_Stored data_.
*** Begin section ***

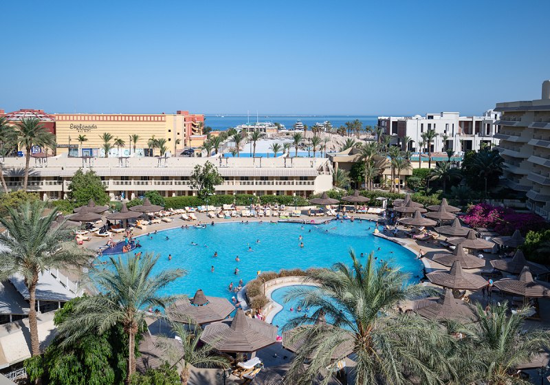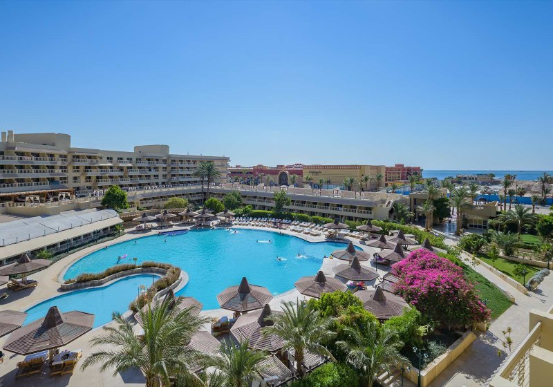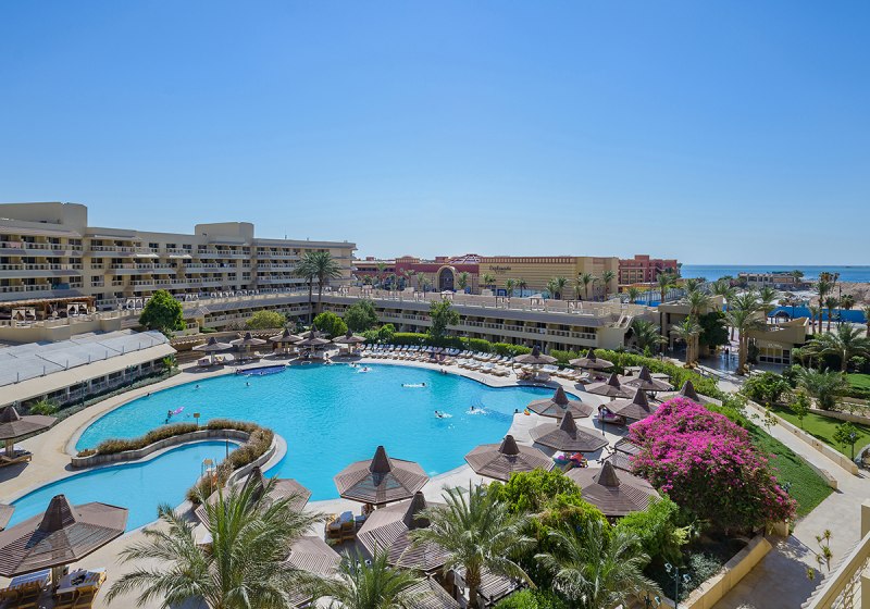 Ihr wohnt in Hurghada in zweiter Strandreihe direkt an der Promenade mit Geschäften. Der 400 Meter lange Sandstrand liegt etwa 3 Gehminuten entfernt, die Wege sind kurz und geradlinig. Der Flughafen Hurghada ist ca. 4 km entfernt, Downtown erreicht Ihr nach rund 10 km, die Altstadt nach etwa 7 km.
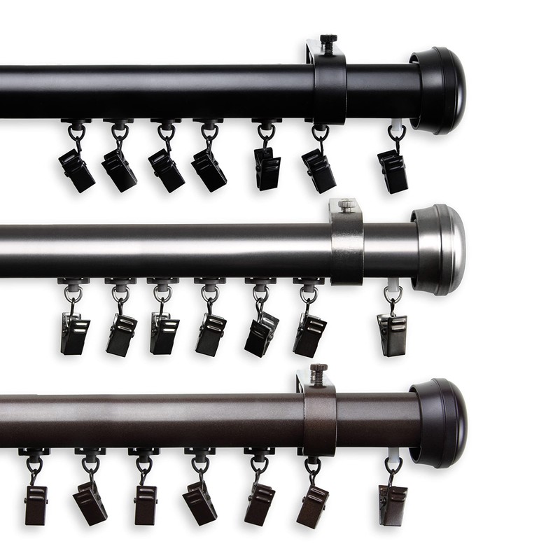 - Includes one 1" diameter adjustable traverse rod w/ sliders, one pair of decorative finials, brackets, and mounting hardware
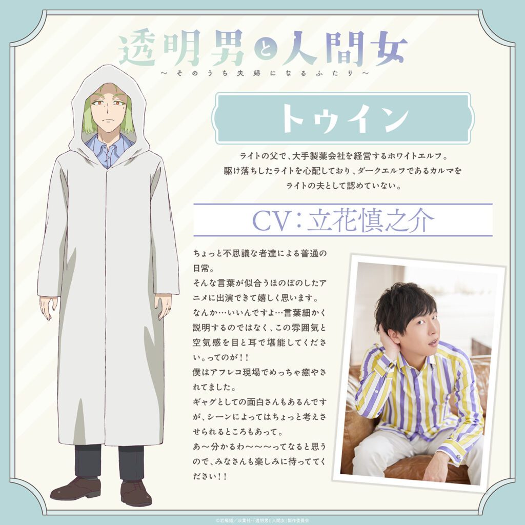 Pony Canyon reveló dos nuevos miembros del cast y el segundo tráiler para el anime The Invisible Man and His Soon-to-Be-Wife (Tomei Otoko to Ningen Onna: Sono Uchi Fufu ni Naru Futari). El video muestra una vista previa del opening Ding-dong interpretado por Mao Abe. La serie se estrena el 8 de enero.

*** End section ***

_Work item_. When you repeat the lines above, keep them exact and leave out each image they contain.

_The completed task_.
 Ihr wohnt in Hurghada in zweiter Strandreihe direkt an der Promenade mit Geschäften. Der 400 Meter lange Sandstrand liegt etwa 3 Gehminuten entfernt, die Wege sind kurz und geradlinig. Der Flughafen Hurghada ist ca. 4 km entfernt, Downtown erreicht Ihr nach rund 10 km, die Altstadt nach etwa 7 km.
 - Includes one 1" diameter adjustable traverse rod w/ sliders, one pair of decorative finials, brackets, and mounting hardware
 Pony Canyon reveló dos nuevos miembros del cast y el segundo tráiler para el anime The Invisible Man and His Soon-to-Be-Wife (Tomei Otoko to Ningen Onna: Sono Uchi Fufu ni Naru Futari). El video muestra una vista previa del opening Ding-dong interpretado por Mao Abe. La serie se estrena el 8 de enero.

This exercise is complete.